**Task details**
From the listing below, give again exactly the lines from the line with "То есть компания" to the line with "FRP防水とは、ガラス繊維(ガラスマット", ends included, without any pictures.

**Information provided**
_____

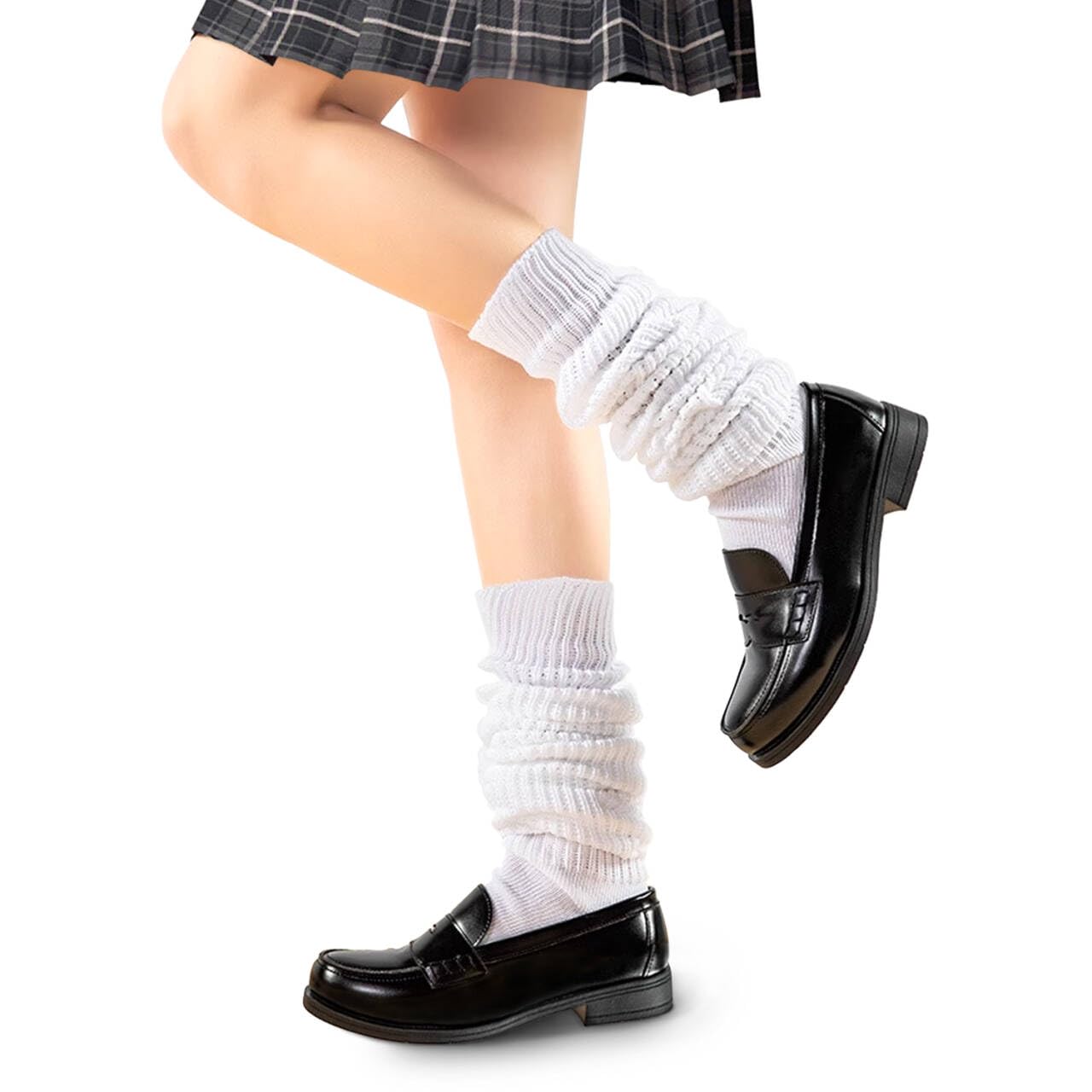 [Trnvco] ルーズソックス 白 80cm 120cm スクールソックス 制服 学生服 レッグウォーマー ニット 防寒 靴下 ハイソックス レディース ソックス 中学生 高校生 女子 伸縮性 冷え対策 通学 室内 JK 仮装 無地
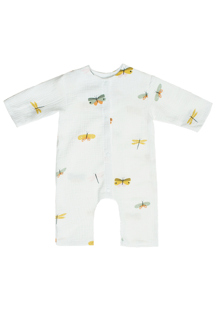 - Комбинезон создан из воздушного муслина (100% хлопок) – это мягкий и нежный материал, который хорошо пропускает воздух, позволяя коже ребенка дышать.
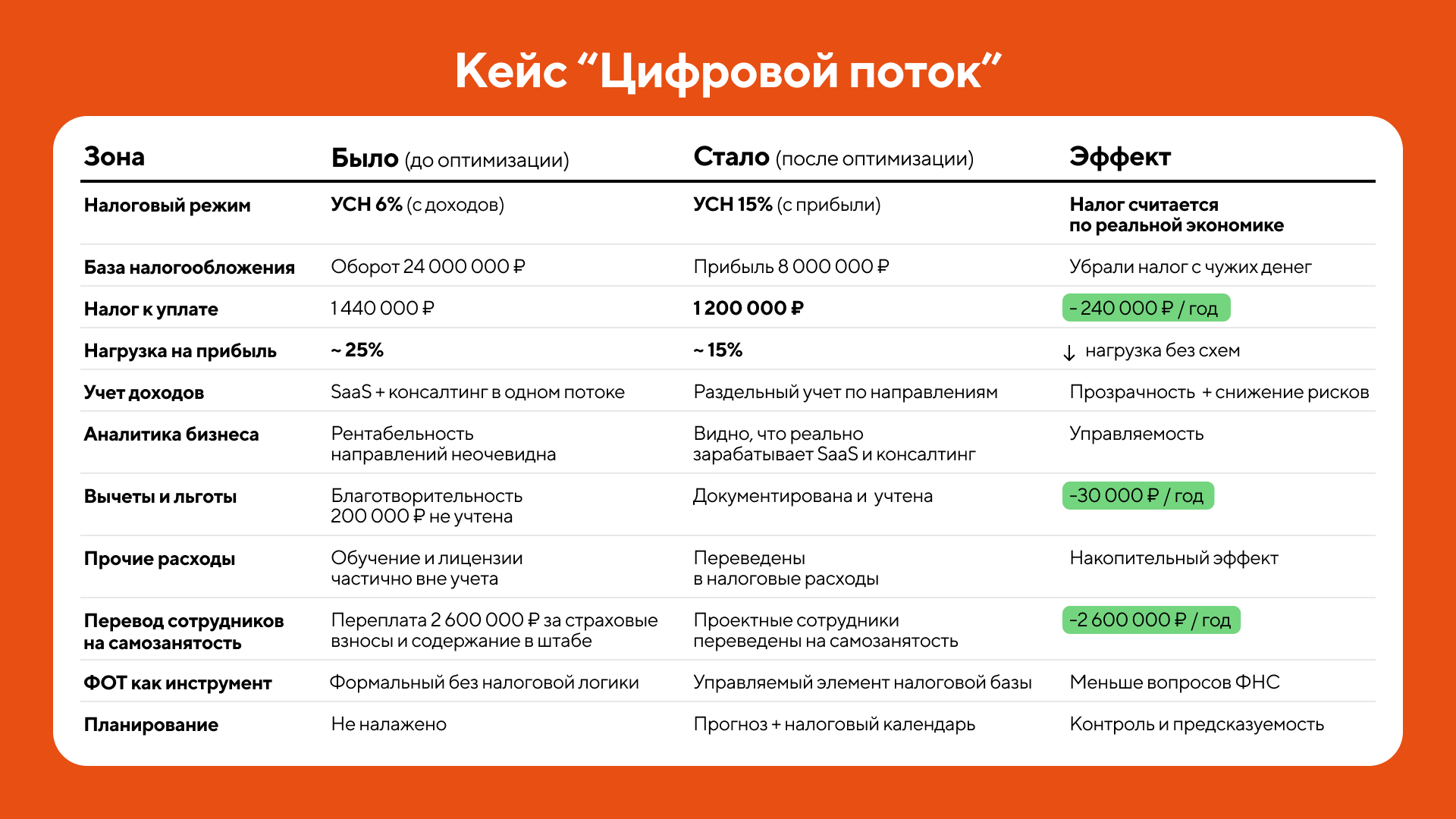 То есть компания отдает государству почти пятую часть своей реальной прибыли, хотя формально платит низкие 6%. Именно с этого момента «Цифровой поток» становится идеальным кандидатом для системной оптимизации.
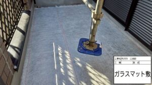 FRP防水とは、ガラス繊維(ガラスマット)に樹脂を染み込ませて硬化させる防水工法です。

_____

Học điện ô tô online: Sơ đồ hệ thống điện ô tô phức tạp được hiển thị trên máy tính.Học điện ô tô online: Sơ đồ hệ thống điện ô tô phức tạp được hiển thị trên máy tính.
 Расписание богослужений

_____

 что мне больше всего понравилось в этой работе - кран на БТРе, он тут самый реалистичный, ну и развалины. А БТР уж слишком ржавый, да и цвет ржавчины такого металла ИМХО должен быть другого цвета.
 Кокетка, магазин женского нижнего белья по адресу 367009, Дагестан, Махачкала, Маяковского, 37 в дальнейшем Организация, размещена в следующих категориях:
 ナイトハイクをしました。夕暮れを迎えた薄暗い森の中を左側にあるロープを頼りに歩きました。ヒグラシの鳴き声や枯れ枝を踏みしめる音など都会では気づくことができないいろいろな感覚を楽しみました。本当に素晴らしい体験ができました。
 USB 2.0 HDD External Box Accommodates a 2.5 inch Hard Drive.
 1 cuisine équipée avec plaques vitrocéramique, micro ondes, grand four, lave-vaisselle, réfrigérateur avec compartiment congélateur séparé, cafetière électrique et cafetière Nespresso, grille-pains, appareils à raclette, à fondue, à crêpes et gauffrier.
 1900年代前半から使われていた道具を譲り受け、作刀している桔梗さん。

_____

**Your response**
 То есть компания отдает государству почти пятую часть своей реальной прибыли, хотя формально платит низкие 6%. Именно с этого момента «Цифровой поток» становится идеальным кандидатом для системной оптимизации.
 FRP防水とは、ガラス繊維(ガラスマット)に樹脂を染み込ませて硬化させる防水工法です。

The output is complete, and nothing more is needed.